Each iteration of a source / transform / sink runs inside a span:

Span name	Emitted by	Default level
`courier.source`	`SourceCtx::send`	`INFO`
`courier.transform`	`BasicTransform`	`INFO`
`courier.sink`	`ManagedSink`	`INFO`

Spans carry the same pipeline / node_id / node_kind / envelope.source_id fields as logs. envelope.key is added only when log_keys = true.

W3C trace-context propagation¶

Courier carries trace context on Envelope.Meta.headers using the W3C traceparent and tracestate keys — no envelope schema change. The flow is:

SourceCtx::send opens a courier.source span, extracts any incoming traceparent (e.g. set by KafkaSource from message headers), and writes the resulting context back into the outgoing envelope's headers.
Each downstream BasicTransform and ManagedSink extracts the parent from meta.headers, opens its stage span as a child, and re-injects on the way out so the next hop sees a refreshed traceparent.
Built-in egress sinks copy meta.headers["traceparent"] onto the wire — ApiSink as an HTTP request header, KafkaSink as a Kafka message header — so downstream consumers see the same trace.

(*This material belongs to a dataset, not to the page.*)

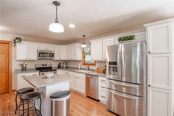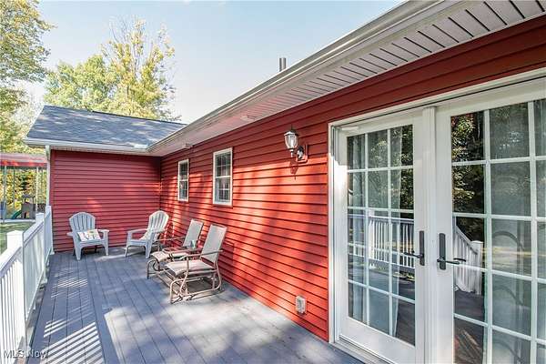 Welcome to this beautifully maintained 3-bedroom, 3-bath ranch home, built in 2015 and nestled on 2.4 private acres. With rich woodwork and an open-concept floor plan, this home combines modern comfort with serene country living while still being conveniently close to shopping. The heart of the home is the stylishly updated kitchen, featuring white cabinetry, Corian countertops, and a spacious layout perfect for entertaining. Upgraded luxury vinyl plank (LVP) and laminate flooring flow throughout the home, adding warmth and durability. The primary suite offers a private retreat with a full ensuite bathroom, while two additional bedrooms and another full bath provide ample space for family or guests. Enjoy the convenience of a first-floor laundry room and a spacious 3-car garage equipped with water access and automatic openers. The partially finished basement, completed in 2020, adds valuable living space, including a large flex room ideal for a 4th bedroom, office, or hobby space, as well as a third full bathroom and cozy living area. Outdoor living is just as inviting, whether you're relaxing on the covered front porch or enjoying the peaceful backyard from your composite deck. Garden enthusiasts will appreciate the mature blackberry bushes and raised garden beds, and there is even dedicated space for RV storage. This one-of-a-kind home blends privacy, practicality, and charm. Don't miss your chance to make it yours!

Sampling is parent-based with the configured sample_ratio at root. A non-sampled trace coming in stays non-sampled all the way through. The default 0.1 is conservative; raise it for low-volume pipelines or when actively debugging.

Privacy and cardinality¶

Payloads are never logged or attached to spans. A CI grep test fails the build if any tracing::*! call references env.payload outside the dedicated trace_context module.
meta.key is off by default. Set log_keys = true only if your keys are non-sensitive — they will appear as the envelope.key span field on every transform and sink hop.
Metric labels are restricted to topology. pipeline, node_id, node_kind, plus outcome where applicable. Anything derived from envelope contents is a span field, not a label.

Sample Collector¶

A reference Collector config lives at examples/otel-collector.yaml. It receives OTLP/gRPC and OTLP/HTTP from Courier, re-exposes a Prometheus scrape endpoint on :9464, forwards traces to Tempo (or, by uncommenting a single block, Jaeger), and ships logs to Loki via OTLP/HTTP:

receivers:
  otlp:
    protocols:
      grpc: { endpoint: 0.0.0.0:4317 }
      http: { endpoint: 0.0.0.0:4318 }

exporters:
  prometheus:
    endpoint: 0.0.0.0:9464
  otlp/tempo:
    endpoint: tempo:4317
    tls: { insecure: true }
  otlphttp/loki:
    endpoint: http://loki:3100/otlp

service:
  pipelines:
    metrics:
      receivers: [otlp]
      exporters: [prometheus]
    traces:
      receivers: [otlp]
      exporters: [otlp/tempo]
    logs:
      receivers: [otlp]
      exporters: [otlphttp/loki]

Point Courier's otlp_endpoint at http://<collector>:4317 and Prometheus at http://<collector>:9464/metrics to scrape Courier through the Collector.

Sample Compose stack¶

The repository's examples/docker-compose.observability.yml boots a full local stack you can point Courier at:

otel-collector on 4317/4318 (OTLP) and 9464 (Prometheus scrape)
prometheus scraping the Collector
tempo receiving traces over OTLP
loki receiving logs over OTLP/HTTP
grafana preconfigured with all three datasources and the bundled examples/dashboards/courier.json

Set every signal's endpoint to the Collector and boot the stack:

config.toml

[observability]
log_format = "json"

[observability.metrics]
otlp_endpoint = "http://localhost:4317"

[observability.tracing]
otlp_endpoint = "http://localhost:4317"

[observability.logs]
otlp_endpoint = "http://localhost:4317"

docker compose -f examples/docker-compose.observability.yml up -d
COURIER_CONFIG=examples/config.toml courier run

Viewing logs in Grafana¶

Open Grafana at http://localhost:3000 (anonymous admin is enabled).
Go to Explore and select the Loki datasource.
Run {service_name="courier"} to see every line Courier emits. Add |= "error" to grep, or | json to break out structured fields like node_id, pipeline, error.
Each log line carries trace_id as structured metadata — click it to jump straight to the matching trace in Tempo without leaving the line.

Useful starter queries:

Query	What it shows
`{service_name="courier"}`	All Courier logs.
`{service_name="courier"} \\|= "retry"`	Retry warnings from `write_with_retry`.
`{service_name="courier"} \\|= "dead_letter"`	Envelopes routed to the dead-letter sink.
`{service_name="courier"} \\| json \\| node_kind="sink" \\| level="ERROR"`	Sink failures, broken out by structured field.

Field reference¶

Logs / spans
  pipeline             string  pipeline name
  node_id              string  {pipeline}/{src|t{i}|sink{i}|broadcast|edge/...}
  node_kind            enum    source | transform | sink | splitter | edge
  envelope.source_id   string  Envelope.Meta.source_id
  envelope.key         string  Envelope.Meta.key — only when log_keys = true
  error                string  formatted anyhow chain on failure logs

Metrics labels
  pipeline, node_id, node_kind  (no payload-derived attributes)